Gold prices rose more than 1% on Wednesday as the dollar and bond yields fell amid signs that the Federal Reserve’s aggressive rate hikes were dampening inflationary pressures, prompting speculation that the Fed might shift to smaller rate hikes.
While the Fed is widely expected to raise interest rates by 75 basis points in November, it is also likely to debate how much higher it can safely push borrowing costs.
“A calibration in the pace of Fed tightening may slow the pace of gold’s decline but a dovish pivot would be key for gold prices to regain its allure,” Christopher Wong, a currency strategist at OCBC, said in a note.
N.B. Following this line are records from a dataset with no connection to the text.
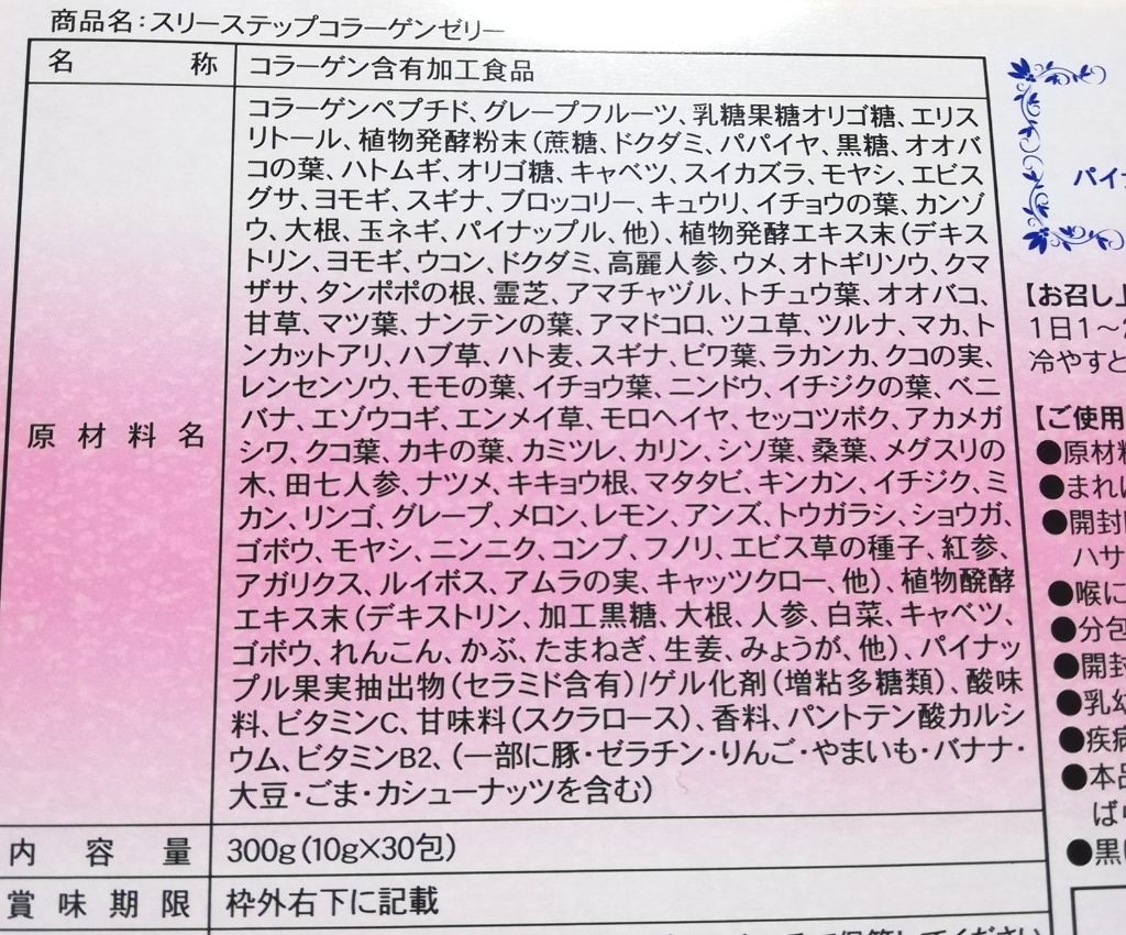 - コラーゲンペプチド、グレープフルーツ、乳糖果糖オリゴ糖、エリスリトール、植物発酵粉末(蔗糖、ドクダミ、パパイヤ、黒糖、オオバコの葉、ハトムギ、オリゴ糖、キャベツ、スイカズラ、モヤシ、エビスグサ、ヨモギ、スギナ、ブロッコリー、キュウリ、イチョウの葉、カンゾウ、大根、玉ネギ、パイナップル、他)、植物発酵エキス末(デキストリン、ヨモギ、ウコン、ドクダミ、高麗人参、ウメ、オトギリソウ、クマザサ、タンポポの根、霊芝、アマチャヅル、トチュウ葉、オオバコ、甘草、マツ葉、ナンテンの葉、アマドコロ、ツユ草、ツルナ、マカ、トンカットアリ、ハブ草、ハト麦、スギナ、ビワ葉、ラカンカ、クコの実、レンセンソウ、モモの葉、イチョウ葉、ニンドウ、イチジクの葉、ベニバナ、エゾウコギ、エンメイ草、モロヘイヤ、セッコツボク、アカメガシワ、クコ葉、カキの葉、カミツレ、カリン、シソ葉、桑葉、メグスリの木、田七人参、ナツメ、キキョウ根、マタタビ、キンカン、イチジク、ミカン、リンゴ、グレープ、メロン、レモン、アンズ、トウガラシ、ショウガ、ゴボウ、モヤシ、ニンニク他)、植物醗酵エキス末(デキストリン、加工黒糖、大根、人参、白菜、キャベツ、ゴボウ、れんこん、かぶ、たまねぎ、生姜、みょうが、他)、パイナップル果実抽出物(セラミド含有)/ゲル化剤(増粘多糖類)、酸味料、ビタミンC、甘味料(スクラロース)、香料、パントテン酸カルシウム、ビタミンB2、(一部に豚・ゼラチン・りんご・やまいも・バナナ・大豆・ごま・カシューナッツを含む)
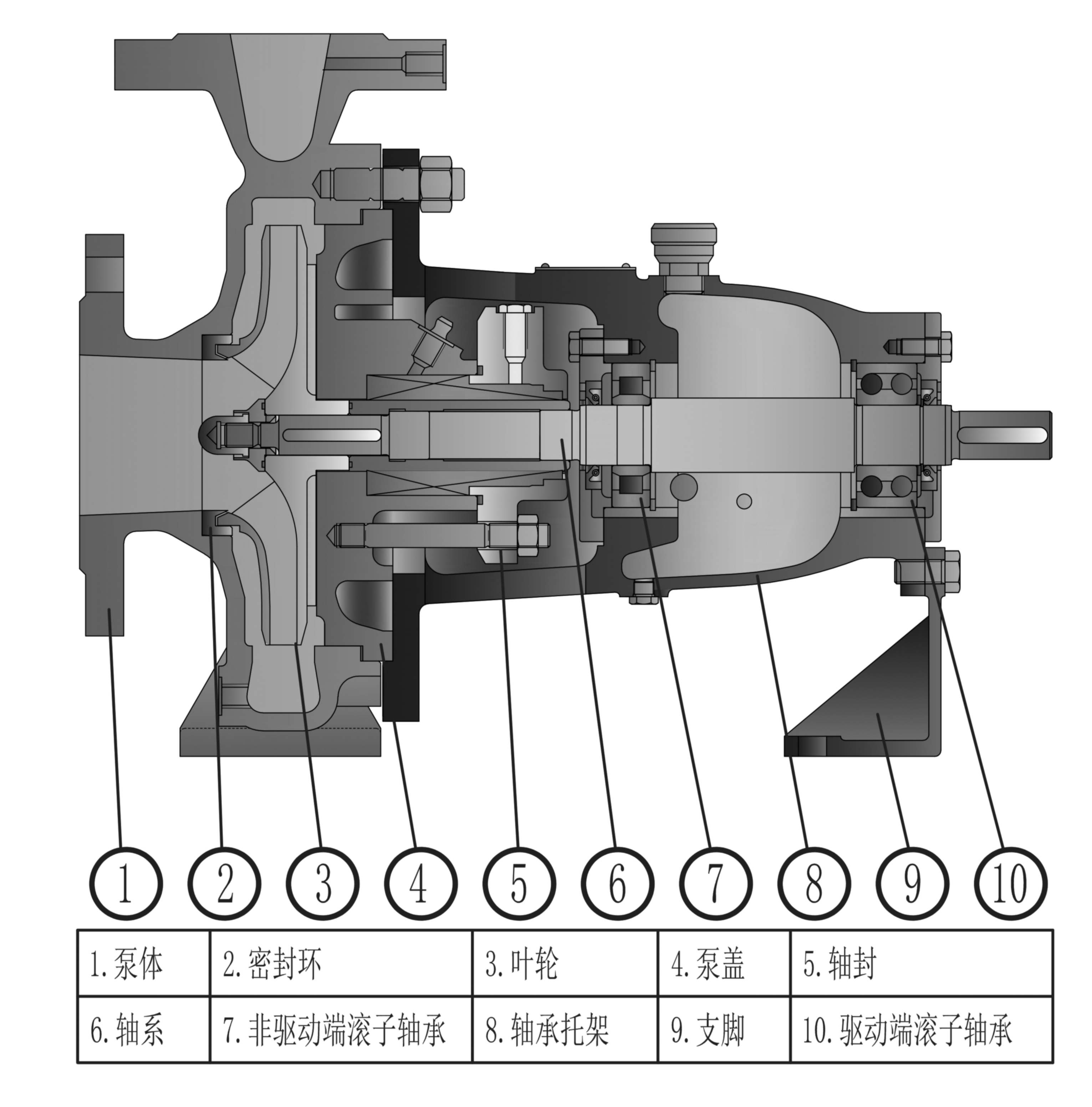 該泵為單級(jí)、臥式徑向剖分蝸殼泵,泵體為腳支撐。單吸徑向葉輪,軸向吸入,徑向排出。
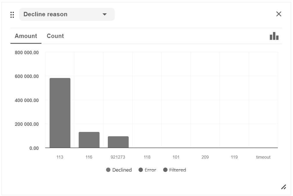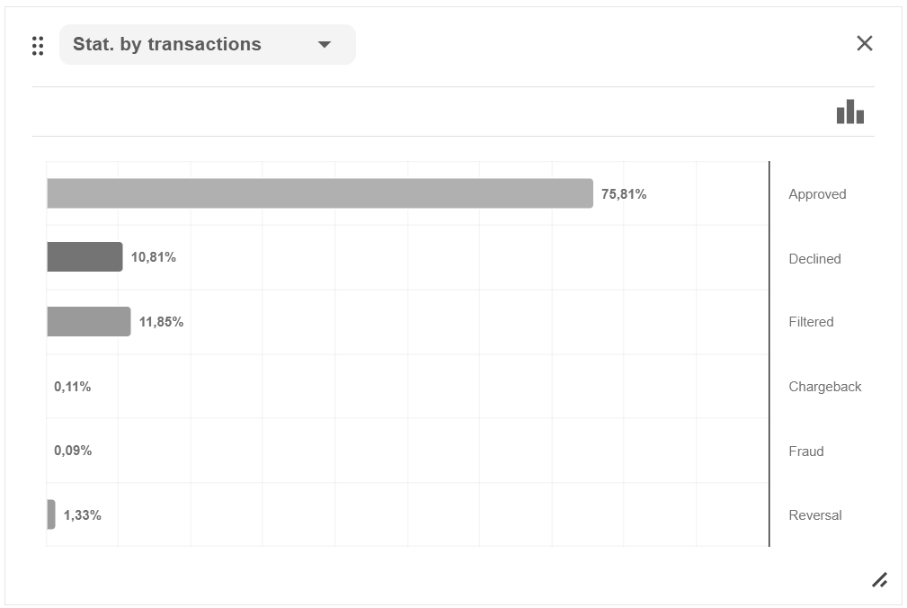 This statistics screen can be used for a visual assessment of the most frequent decline reasons, as well as chargeback and fraud reasons.
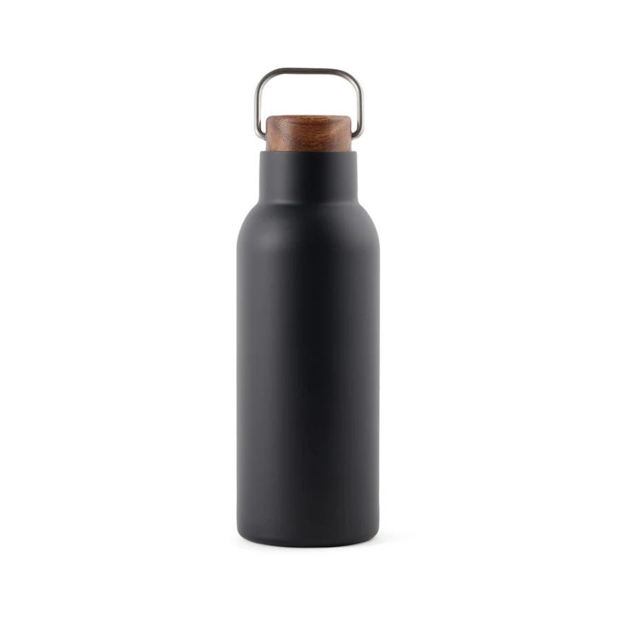 Butelka termiczna 580 ml, podwójne ścianki ze stali nierdzewnej z próżnią pomiędzy, wykonana ze stali nierdzewnej z recyklingu z certyfikatem RCS, drewniane wieczko z uchwytem, całkowita zawartość materiałów z recyklingu obliczona na podstawie wagi całkowitej przedmiotu: 75%, wyłącznie mycie ręczne, w pudełku z papieru kraftowego

By 0905 GMT, spot gold had risen 1.3% to $1,674.09 per ounce, its highest level since October 13.
Gold futures in the United States increased 1.3% to $1,678.60.
Despite a rebound in equities, gold is benefiting from a weaker dollar and some expectations of a slowing in the pace of Fed rate hikes, according to UBS analyst Giovanni Staunovo.
However, he stated that the large rate hikes still expected at upcoming meetings could cause gold to fall to $1,600 by the end of the year.
On Tuesday, data showed that consumer confidence in the United States fell in October, home prices fell sharply in August, and there were signs that the Fed’s aggressive stance was starting to cool the labor market.
Taking cues from the data, 10-year Treasury note yields fell, while the dollar index fell to its lowest level since September 20, boosting gold’s appeal among those holding other currencies.
On the data front, investors will be watching the US GDP and a European Central Bank meeting on Thursday, followed by US core inflation data on Friday.
Spot silver increased 2.2% to $19.76 per ounce, platinum increased 2.2% to $934.88, and palladium increased 1.8% to $1,957.32.